**Dataset records**

....................

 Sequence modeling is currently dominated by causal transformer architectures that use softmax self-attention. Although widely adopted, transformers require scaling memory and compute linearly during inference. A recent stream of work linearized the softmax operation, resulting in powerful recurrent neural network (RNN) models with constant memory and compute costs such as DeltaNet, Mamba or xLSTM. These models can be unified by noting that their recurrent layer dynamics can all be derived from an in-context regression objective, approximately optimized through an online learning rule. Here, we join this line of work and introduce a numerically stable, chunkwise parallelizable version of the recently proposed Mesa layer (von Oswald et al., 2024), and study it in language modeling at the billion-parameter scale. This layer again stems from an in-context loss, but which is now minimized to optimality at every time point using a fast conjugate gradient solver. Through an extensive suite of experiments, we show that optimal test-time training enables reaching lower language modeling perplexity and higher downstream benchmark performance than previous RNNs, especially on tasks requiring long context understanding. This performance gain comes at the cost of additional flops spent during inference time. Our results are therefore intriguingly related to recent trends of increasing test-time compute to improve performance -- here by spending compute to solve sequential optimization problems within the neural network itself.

....................

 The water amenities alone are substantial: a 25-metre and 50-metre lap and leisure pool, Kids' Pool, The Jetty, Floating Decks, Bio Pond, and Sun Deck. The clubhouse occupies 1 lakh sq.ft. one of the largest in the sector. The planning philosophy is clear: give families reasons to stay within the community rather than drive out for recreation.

....................

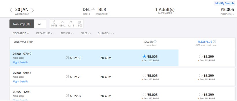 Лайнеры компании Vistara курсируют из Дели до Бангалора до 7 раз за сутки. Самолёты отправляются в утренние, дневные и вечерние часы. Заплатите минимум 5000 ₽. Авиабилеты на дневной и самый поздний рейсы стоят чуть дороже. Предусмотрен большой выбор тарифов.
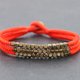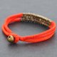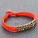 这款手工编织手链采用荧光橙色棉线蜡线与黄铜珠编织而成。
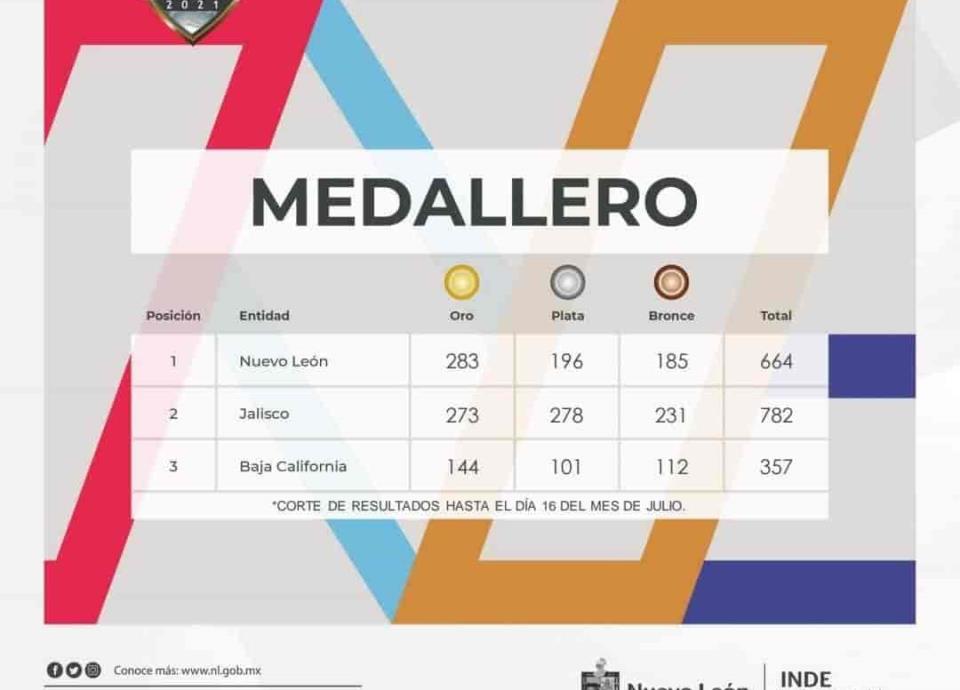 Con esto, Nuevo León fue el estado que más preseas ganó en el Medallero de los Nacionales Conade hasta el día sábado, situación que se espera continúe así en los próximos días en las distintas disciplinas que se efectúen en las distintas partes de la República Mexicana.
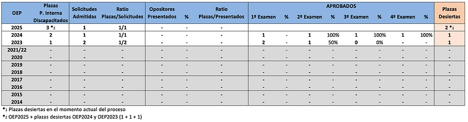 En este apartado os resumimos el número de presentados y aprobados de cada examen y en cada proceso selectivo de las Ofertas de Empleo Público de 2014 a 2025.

....................

**Exercise goal**
Precisely those lines above that run from the line with "这款手工编织手链采用荧光橙色棉线蜡线与黄铜珠编织而成。" up to and including the line with "En este apartado" are to be set down, with the pictures omitted.

**The answer**
 这款手工编织手链采用荧光橙色棉线蜡线与黄铜珠编织而成。
 Con esto, Nuevo León fue el estado que más preseas ganó en el Medallero de los Nacionales Conade hasta el día sábado, situación que se espera continúe así en los próximos días en las distintas disciplinas que se efectúen en las distintas partes de la República Mexicana.
 En este apartado os resumimos el número de presentados y aprobados de cada examen y en cada proceso selectivo de las Ofertas de Empleo Público de 2014 a 2025.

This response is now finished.